Alibaba bans Claude Code from all internal work environments from 10 July, citing alleged backdoor risks, as the company sits at the centre of a widening dispute with Reuters via SRN News reports Anthropic has escalated directly to the U.S. Senate.
The restriction was confirmed by a source familiar with the decision. Alibaba has not issued a public statement, and the scope of the ban beyond internal environments has not been disclosed.
Steganographic Markers and a Distillation Accusation
The alleged backdoor concern traces to steganographic markers found inside Claude Code that security researchers claimed flagged users operating in Chinese time zones. Anthropic characterised the feature as an experiment. Alibaba’s internal security team independently confirmed the behaviour and issued an advisory in early July 2025.
The original claims surfaced in late June 2025 in a Reddit post from a user who claimed to have reverse-engineered the tool, according to SitePoint. Alibaba’s internal notice, as reported by the South China Morning Post and cited by The Next Web, stated: ‘As Claude Code was recently discovered to carry back-door risks, after comprehensive evaluation, Claude Code has now been added to a list of high-risk software with security vulnerabilities.’
The dispute runs deeper than a tool ban. Anthropic sent a letter to two U.S. senators, seen by Reuters, accusing Alibaba of conducting a distillation attack: illicitly extracting Claude’s model capabilities to accelerate China’s ability to replicate Anthropic’s advanced Mythos Preview capabilities. Alibaba has not publicly responded to that accusation.
Alibaba Bans Claude Code as Enterprise Friction Mounts Across the Region
The move follows two Wall Street firms pulling back from Claude in Hong Kong. Goldman Sachs removed Claude from its approved tools for Hong Kong-based bankers in April. JPMorgan followed, blocking employees in Hong Kong from selecting Claude models from its approved list, after determining that Anthropic’s licensing terms excluded use across Greater China. Both removals were reported by the Financial Times, with The Next Web noting the Goldman Sachs timing via its own coverage of the JPMorgan restriction.
Anthropic told the Financial Times that Claude had never been officially supported in Hong Kong. JPMorgan declined to comment.
The concern among financial institutions reflects a structural problem: Anthropic’s terms of service create a geographic exclusion for Greater China, and as AI becomes more deeply integrated into software development, research, and financial services workflows, that exclusion is increasingly hard to work around operationally.

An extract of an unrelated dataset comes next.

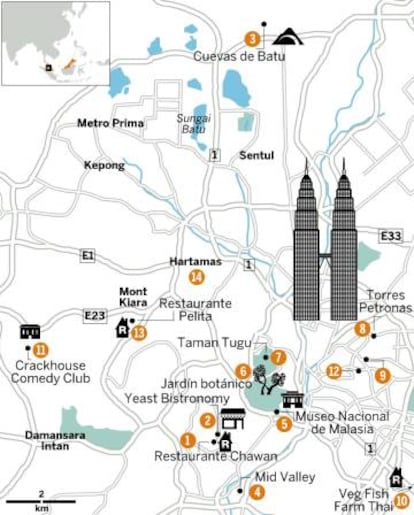 La cultura local no trata de imponerse, pero los cánones exigen comer nasi lemak para desayunar: porciones de arroz enriquecidas con coco, carne especiada, anchoas fritas, pepino, nueces y sambal. El restaurante Chawan (1) (Jalan Telawi, 3), en el barrio de Bangsar, no decepciona. Ambiente local, o global, si se quiere. Indios, chinos y malayos con la tarjeta de control de acceso a sus puestos de trabajo. También sirven el célebre roti indio, que hace las delicias del cliente con sus salsas picantes. Dicen de Bangsar que es el barrio hipster de Kuala Lumpur. Muy cerca se encuentra Yeast (2), una pastelería de estilo francés, otra opción donde desayunar.

Export Controls, a Brief Suspension, and the Broader Regulatory Context
The Alibaba ban lands after a difficult stretch for Anthropic’s two flagship models. On 12 June, the U.S. Commerce Secretary Howard Lutnick sent a letter to Anthropic CEO Dario Amodei ordering the suspension of Claude Fable 5 and Mythos 5 for foreign nationals worldwide, citing concerns that military intelligence users in China, Russia, and other countries of concern could exploit the models, according to Reuters reporting via Yahoo Finance.
The U.S. Department of Commerce lifted those export controls on 30 June, and Anthropic restored public access on 1 July, according to DW News. The resolution came with commitments: Anthropic agreed to cooperate with the U.S. government on protocols for Mythos, Fable, and future models, and added new classifiers designed to detect and block cybersecurity-related tasks. Anthropic argued the jailbreak cited by authorities involved a limited method rather than a universal bypass of the models’ safety protections.

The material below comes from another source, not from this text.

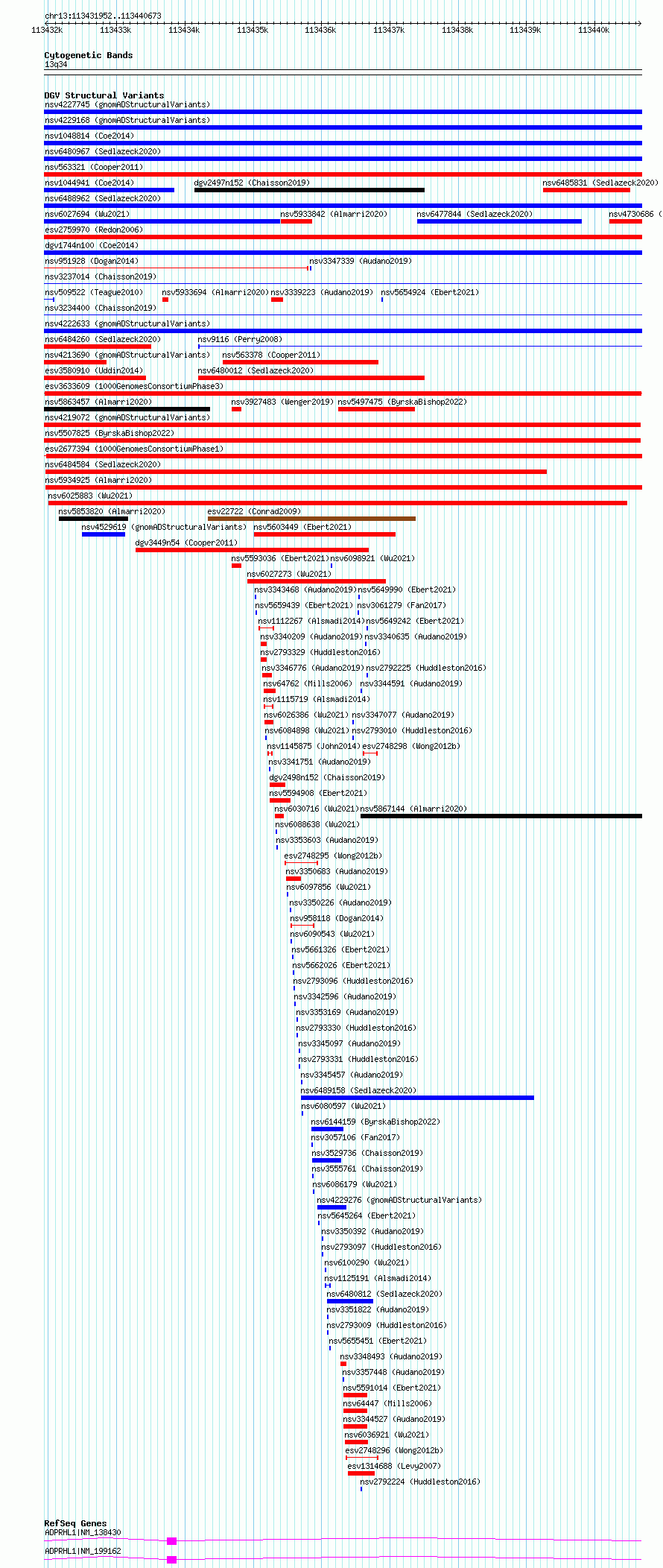 Variant DetailsVariant: esv3633609| Internal ID | 7020417 | | Landmark | | | Location Information | | | Cytoband | 13q34 | | Allele length | | Assembly | Allele length | | hg38 | 8722 | | hg19 | 8722 |

The picture that emerges is one where Anthropic is simultaneously defending its models to U.S. regulators on jailbreak grounds, accusing Alibaba of IP extraction, and watching enterprise adoption in Asia contract. The next pressure point is whether the distillation accusation prompts a formal government response, which would move this from a licensing dispute to a trade-policy matter.